I’ve never shaken that feeling entirely, if we are to be honest and there are days it’s the predominant mentality and emotion that I feel. But what tends to help me is to remember I won’t always feel this way. No matter what, I can rely on that. Today I just can’t give a darn. As my therapist once told me — it sounds counterintuitive but let yourself feel these things, but qualify with “today” or “right now”.
For example: yesterday was horrible for me. I was frustrated and annoyed and scared..this medicine debacle and my mind and I fighting over it.
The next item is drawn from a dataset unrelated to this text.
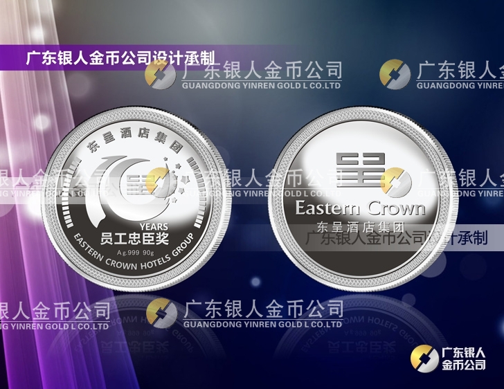 東呈酒店集團(tuán)年會獎勵十年老員工純銀紀(jì)念章制作、千足金紀(jì)念金幣定制

I was absolutely ready to just throw it out the window and say f it. I gave up caring about it... for that moment. I came back later, calmer and made a decision to try to follow doctor’s orders.
So, if you’re fed up, you’re fed up. But say to yourself “I’m fed up...for now. I need to distance myself from these feelings for awhile.” — do something you enjoy or at least something to occupy your mind.
So my advice ? If you need to throw your hands up and say “I’m done!”, that’s totally ok, as long as you realize that feeling won’t last forever; and it’s a temporary “break” from what’s causing the issues. Trust me, there are days I say “ugh, I just can’t even.... today.” And leave open in your mind and heart that at sometime your perspective will change and the world and situation will be seen through a different lens.
Maybe it’s not the most practical advice but I find not trying to minimize my feelings, even the crappy ones, to be a big help emotionally. But please don’t take this the wrong way — you have to stay safe and that’s priority too. SH or suicidal feelings aren’t something to normalize. So with those things, don’t follow my advice. I’m talking about general emotions of being “fed up” particularly.
I hope this helps. Stay safe and always make that a priority for yourself and others.